Reputation: 120
I have a dataframe, df2 such as:
ID | data
--------
1 | New
3 | New
5 | New
and a main dataframe, df1:
ID | data | more
----------------
1 | OLD | a
2 | OLD | b
3 | OLD | c
4 | OLD | d
5 | OLD | e
I want to achieve something of the sort:
ID | data | more
----------------
1 | NEW | a
2 | OLD | b
3 | NEW | c
4 | OLD | d
5 | NEW | e
I want to update df1 based on df2, keeping the original values of df1 when they dont exist in df2.

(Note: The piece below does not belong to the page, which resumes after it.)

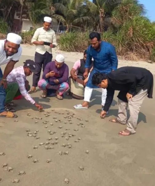 সেন্ট মার্টিনে জন্ম নেওয়া ১৮৩টি কচ্ছপের বাচ্চা সাগরে অবমুক্ত করা হচ্ছে।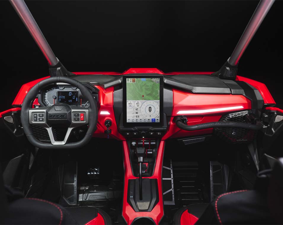 La victoria comienza desde dentro, y el RZR Pro R no es una excepción. Su interior está meticulosamente diseñado para ofrecer mayor comodidad y practicidad, lo que le permite recorrer distancias más largas, conducir con más intensidad y terminar en primer lugar.

Is there a fast way to do this than using isin? Isin is very slow when df1 and df2 are both very large.
Upvotes: 1
Views: 69
Reputation: 7207
With left join and "coalesce":
val df1 = Seq(
(1, "OLD", "a"),
(2, "OLD", "b"),
(3, "OLD", "c"),
(4, "OLD", "d"),
(5, "OLD", "e")).toDF("ID", "data", "more")
val df2 = Seq(
(1, "New"),
(3, "New"),
(5, "New")).toDF("ID", "data")
// action
val result = df1.alias("df1")
.join(
df2.alias("df2"),$"df2.ID" === $"df1.ID", "left")
.select($"df1.ID",
coalesce($"df2.data", $"df1.data").alias("data"),
$"more")
Output:
+---+----+----+
|ID |data|more|
+---+----+----+
|1 |New |a |
|2 |OLD |b |
|3 |New |c |
|4 |OLD |d |
|5 |New |e |
+---+----+----+
Upvotes: 3